Eightysomething Esther Lustig tells the story of her life in a witty, touching novel that “will linger long in readers’ minds and hearts” (Pioneer Press).
“Widowed and in her mid-eighties, Esther checks in with her friend Lottie each morning to confirm that each has made it through the night. But there is no way that she’s going to surrender to her bossy daughter, Ceely, and move into an assisted living facility, which she disdainfully calls Bingoville. In her first novel, Karmel takes an understated and disarming approach to the closing years in the life of a seemingly ordinary woman, imbuing Esther with a subtle but zingy wit and underappreciated intelligence. Esther reflects on her mother’s frostiness and her mother-in-law’s ‘acid tongue,’ her own passion for books, the grinding disappointments and late-blooming joys of her marriage, and Ceely’s harrowing incommunicado years.

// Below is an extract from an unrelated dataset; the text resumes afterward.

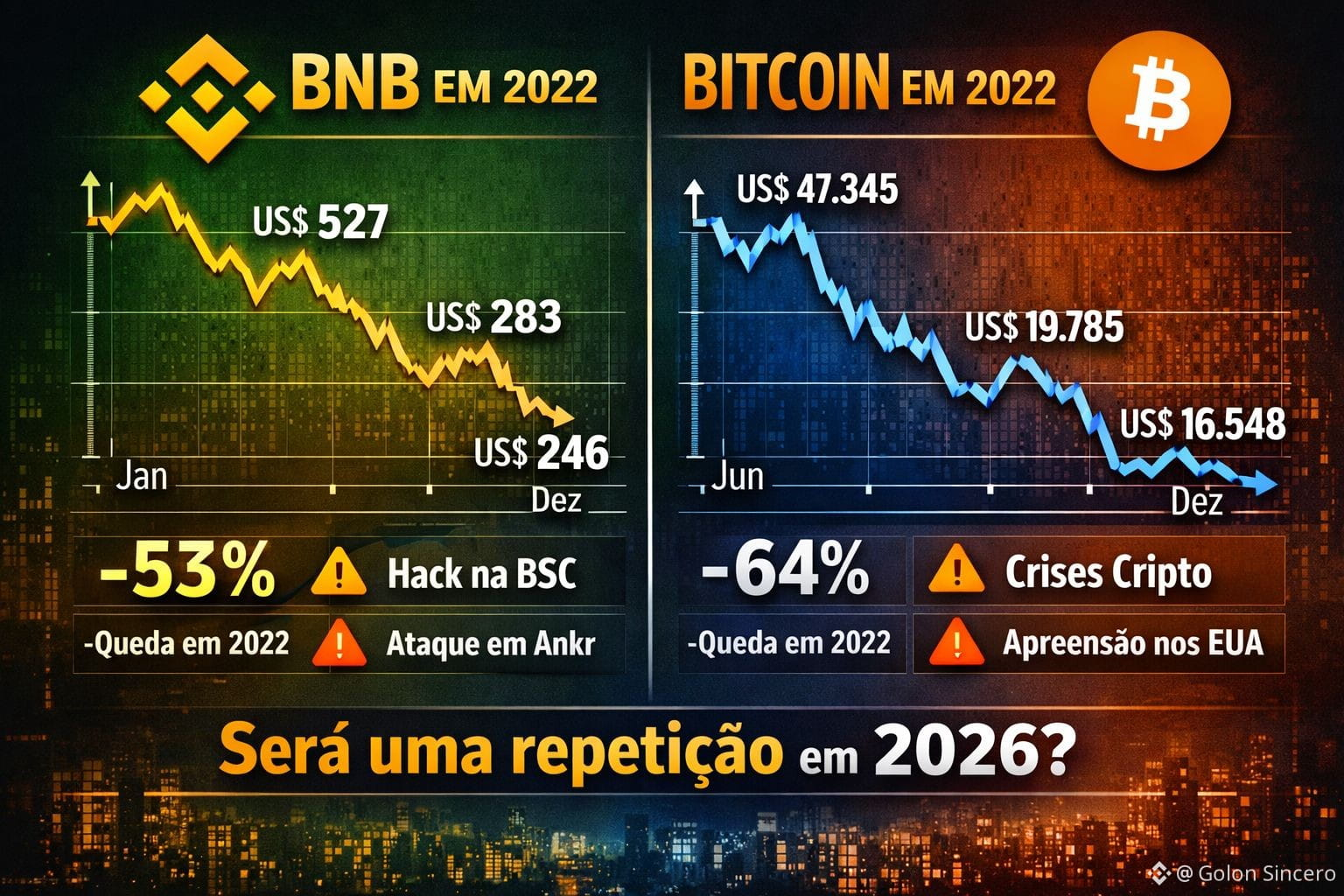Queda no ano: ~ -64 % em relação ao início do ano (BTC desvalorizou significativamente) 📌

Brimming with keen observations yet slow to articulate them due to her body’s strange new hesitations, Esther is appalled by how strangers treat her as an ‘object of concerned looks and condescension.’ Karmel’s novel of womanhood, the love and strife between mothers and daughters, marital dead zones, and the baffling metamorphosis of age is covertly complex, quietly incisive, and stunning in its emotional richness.” —Booklist
“Being Esther is impossible to put down . . . a wonderful debut.” —Margot Livesey, author of The Flight of Gemma Hardy
Miriam Karmel has worked professionally as a newspaper reporter and magazine editor, and most recently as a freelance writer specializing in medicine and health. Her journalism has appeared in AARP magazine and Minnesota Women's Press. Her fiction has won numerous regional prizes, and her stories have been published in Bellevue Literary Review,Minnesota Monthly, and anthologized in Milkweed's Fiction on a Stick. She lives in Minneapolis, MN, and Sandisfield, MA. Being Esther is her first novel.